The following towers have been advised to us:
- Sky Tower
- Sun Tower
- Gate Tower
- Arc Tower

I appreciate any feedback about these towers. Also I am open to any suggestions about other places in Al Reem Island or other location in Abu Dhabi.

Thanks 
Elham


----------



## rsinner

ehodjat said:


> Hello everyone,
> We’ll move to Abu Dhabi around April and as my husband’s office is in Al Reem island, we are considering to rent a flat in that area (I’d never been in Abu Dhabi but traveled quite a lot to Dubai).
> The following towers have been advised to us:
> - Sky Tower
> - Sun Tower
> - Gate Tower
> - Arc Tower
> 
> I appreciate any feedback about these towers.
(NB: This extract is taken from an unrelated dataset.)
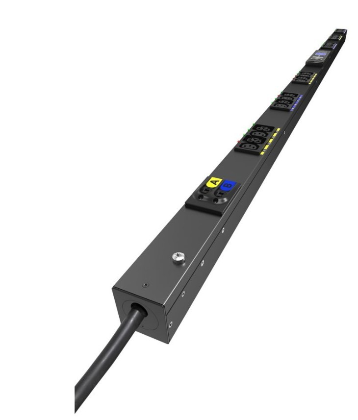 Zdalne zarządzanie Uniwersalne gniazdo C39 obsługujące wtyczki C14 lub C20 Gniazda z systemem przytrzymującym zarówno wtyczki standardowych kabli zasilających, jak i tych z systemem P-Lock Standardy cyberbezpieczeństwa UL 2900-1 i IEC 62443-4-2 Sieciowy moduł sterujący Hot-Swap (wymienialny na gorąco) Kaskadowanie sieciowe, połączenie do 32 PDU w pętli Współdzielenie zasilania między dwoma modułami sterującymi PDU zapewnia stały dostęp do danych i czujników PDU Dokładność rozliczeniowa IEC Class 1 +/- 1% Gigabitowa karta sieciowa z portami 2 x Gb Obsługa protokołów RestAPI, Modbus TCP, SNMP, LDAP, HTTPS Zarządzanie gniazdami: zdalne wł./wył., restart i sekwencyjne uruchamianie Opcjonalny czujnik temperatury/wilgotności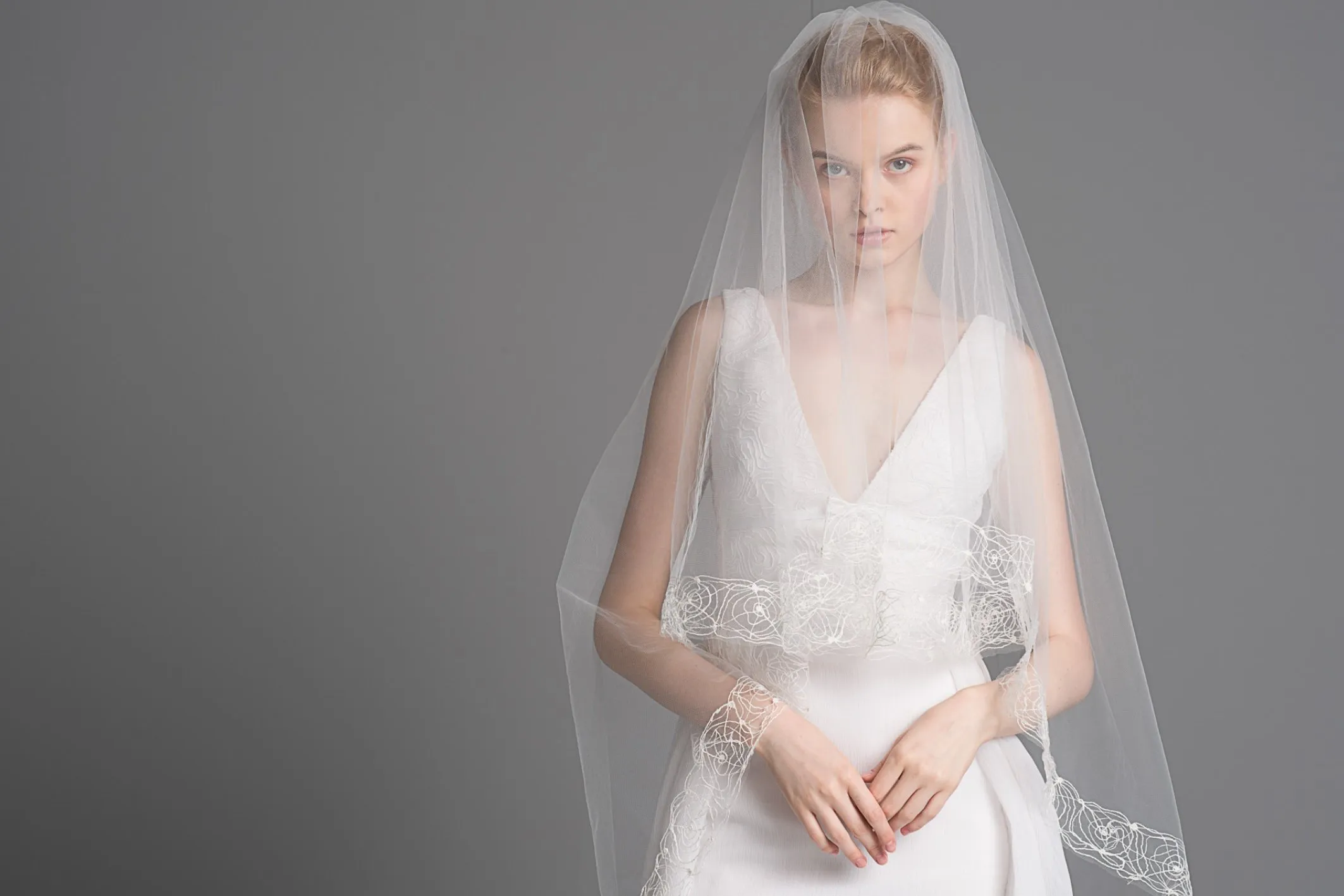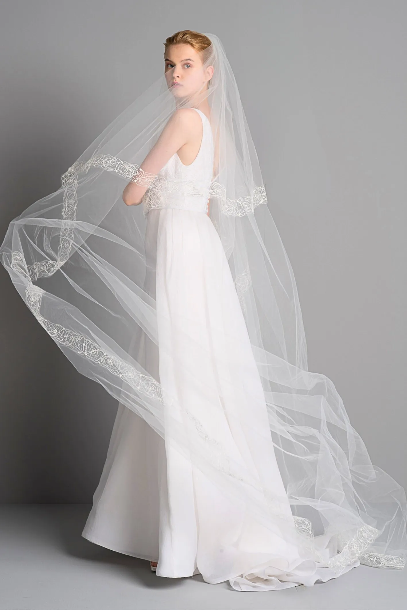Georgia V 101 è un velo da sposa con calata, elegante e senza tempo. Il prezioso ricamo su centina lo rende etereo e particolare, perfetto anche con gli abiti dallo stile più minimale.

Also I am open to any suggestions about other places in Al Reem Island or other location in Abu Dhabi.
> 
> Thanks
> Elham


His office is probably going to be in Sun Tower (in which case live in any of the towers you listed - all are fine) or in Tamouh Tower - in which case you could live in Marina Square (I recommend buildings 11,12,13).


----------



## ehodjat

Thank you so much


----------



## isicman

Gate towers/Arc have the best facilities but you can't open the windows in Gate. Some Arc apartments have balconies. 3 pools, squash, billiard, tennis, table tennis, basketball, kids playground, many gyms one of them for ladies only. Parking is generally limited to 1 car for apartments up to 2BR. Renting 1 more parking spot is around 6000aed per year.
Sun and Sky have the Boutik mall in the podium with a supermarket and some restaurants. You can open windows there. Facilities are quite good with a 50m swimming pool and jacuzzis, squash, tennis, basketball, a ladies only gym too.
If the office is in Sun tower, there is limited parking for office staff. Any of the locations you mentioned are walking distance from it.
The other office tower is Addax/C1 tower which is not far away.

Sent from my LG-H860 using Tapatalk


----------



## ehodjat

isicman said:


> Gate towers/Arc have the best facilities but you can't open the windows in Gate. Some Arc apartments have balconies. 3 pools, squash, billiard, tennis, table tennis, basketball, kids playground, many gyms one of them for ladies only. Parking is generally limited to 1 car for apartments up to 2BR. Renting 1 more parking spot is around 6000aed per year.
> Sun and Sky have the Boutik mall in the podium with a supermarket and some restaurants. You can open windows there. Facilities are quite good with a 50m swimming pool and jacuzzis, squash, tennis, basketball, a ladies only gym too.
> If the office is in Sun tower, there is limited parking for office staff. Any of the locations you mentioned are walking distance from it.
> The other office tower is Addax/C1 tower which is not far away.
> 
> Sent from my LG-H860 using Tapatalk


Thank you so much, it was very helpful


----------